La educación, como me enseñó Joaquim Dolz –un sabio de la pedagogía, un valenciano formado en Suiza– implica la aprehensión de valores de respeto compartido, la capacitación y la innovación creativa. La esencia educativa es ser cantera de espíritus críticos más allá de su dimensión utilitaria, como clamó el profesor Nuccio Ordine.

Es la ambición de darles a las personas, en su proceso de aprendizaje, los más preciados valores de la humanidad. Aprovechar la tecnología; no ser esclavos de la tecnología.

La inteligencia artificial es un anclaje extraordinario y nos ha de permitir dedicar más tiempo a pensar, a debatir y a crear. Nuestro propósito debe ser convertir las aulas, desde Infantil hasta la Universidad, en faro de ciencia, de decencia y de conciencia.

En cambio, en algunos gobiernos se atisba un golpe de timón que pretende desviar la educación pública de esos valores ilustrados que nos han conformado como una sociedad abierta.

En ese sentido, merece una reflexión –y su reacción correspondiente– la encuesta de esta semana que refleja un dato inquietante: que el 26 % de los varones españoles de entre 18 y 26 años considera que, "en algunas circunstancias", el autoritarismo puede ser preferible al sistema democrático. ¿Cuál es el precio de la banalización del mal, como nos urge a preguntarnos Hannah Harendt?

Estos meses, por desgracia, un fantasma recorre Europa: el espantajo que agitan el miedo y el odio –visceral, irreflexivo, ilógico, y ante todo insolidario– hacia el migrante. Ese trilerismo político, indefendible bajo ningún parámetro social, cultural o económico, es indecente.

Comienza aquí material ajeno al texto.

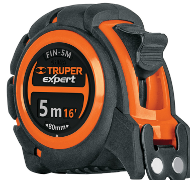
Gancho doble magnético

Algunos quieren que tenga su correlato en el sistema educativo creando burbujas sin inmigrantes, sin pobres, sin diferentes. Antes se revindicaban herederos del cristianismo. Ahora parecen ignorar, sin piedad, cuál es el precio de la exclusión.

(Con todo, llegó el día: la alegría de aprender. Buen curso. Y ánimo a las maestras y maestros que ayudan a abrir la puerta de ese viaje maravilloso que es el conocimiento).